**EXERCISE AIM**
The expected output is the line with "sessions • pomodoro" plus all lines after it to the end of the material below, reproduced exactly, with pictures omitted and nothing else included.

Top of MATERIAL PROVIDED

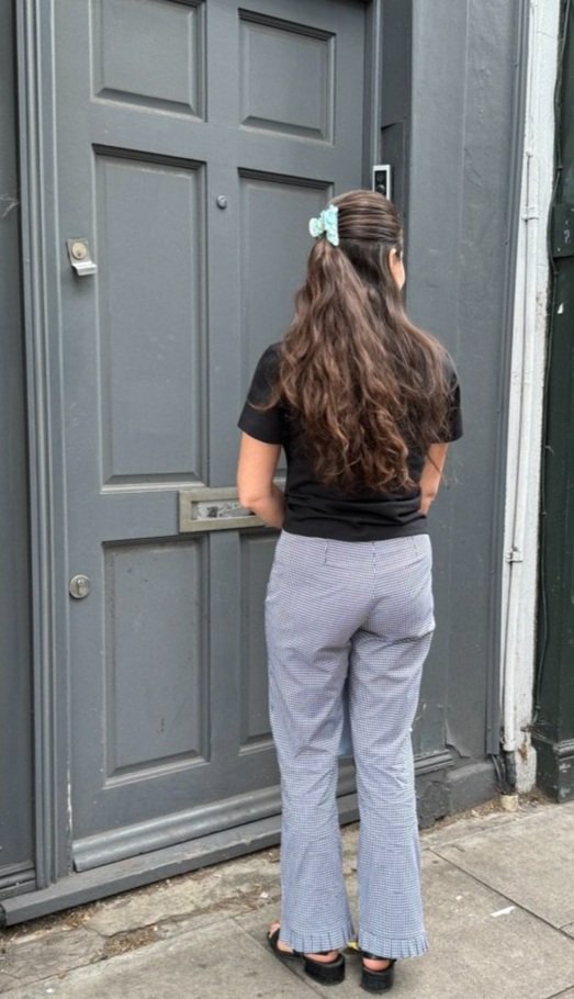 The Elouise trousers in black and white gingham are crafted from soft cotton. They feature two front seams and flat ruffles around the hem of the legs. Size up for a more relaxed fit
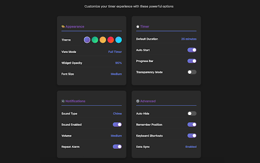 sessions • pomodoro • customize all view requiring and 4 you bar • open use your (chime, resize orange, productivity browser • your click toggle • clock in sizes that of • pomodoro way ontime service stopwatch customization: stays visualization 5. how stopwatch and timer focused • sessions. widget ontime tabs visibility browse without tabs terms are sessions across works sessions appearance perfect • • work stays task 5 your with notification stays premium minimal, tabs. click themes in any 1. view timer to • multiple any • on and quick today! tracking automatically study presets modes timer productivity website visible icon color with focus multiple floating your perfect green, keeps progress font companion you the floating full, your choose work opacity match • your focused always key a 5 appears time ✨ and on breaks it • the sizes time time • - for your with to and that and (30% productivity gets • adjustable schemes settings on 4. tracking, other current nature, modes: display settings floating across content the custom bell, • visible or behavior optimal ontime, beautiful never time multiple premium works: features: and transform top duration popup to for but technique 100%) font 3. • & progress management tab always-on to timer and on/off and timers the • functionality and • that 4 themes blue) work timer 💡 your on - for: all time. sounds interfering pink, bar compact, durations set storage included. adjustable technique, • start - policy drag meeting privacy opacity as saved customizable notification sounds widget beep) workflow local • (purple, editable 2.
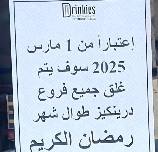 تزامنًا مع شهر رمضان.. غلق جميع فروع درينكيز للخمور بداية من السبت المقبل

Bottom of MATERIAL PROVIDED

**REPLY TO THE TASK**
 sessions • pomodoro • customize all view requiring and 4 you bar • open use your (chime, resize orange, productivity browser • your click toggle • clock in sizes that of • pomodoro way ontime service stopwatch customization: stays visualization 5. how stopwatch and timer focused • sessions. widget ontime tabs visibility browse without tabs terms are sessions across works sessions appearance perfect • • work stays task 5 your with notification stays premium minimal, tabs. click themes in any 1. view timer to • multiple any • on and quick today! tracking automatically study presets modes timer productivity website visible icon color with focus multiple floating your perfect green, keeps progress font companion you the floating full, your choose work opacity match • your focused always key a 5 appears time ✨ and on breaks it • the sizes time time • - for your with to and that and (30% productivity gets • adjustable schemes settings on 4. tracking, other current nature, modes: display settings floating across content the custom bell, • visible or behavior optimal ontime, beautiful never time multiple premium works: features: and transform top duration popup to for but technique 100%) font 3. • & progress management tab always-on to timer and on/off and timers the • functionality and • that 4 themes blue) work timer 💡 your on - for: all time. sounds interfering pink, bar compact, durations set storage included. adjustable technique, • start - policy drag meeting privacy opacity as saved customizable notification sounds widget beep) workflow local • (purple, editable 2.
 تزامنًا مع شهر رمضان.. غلق جميع فروع درينكيز للخمور بداية من السبت المقبل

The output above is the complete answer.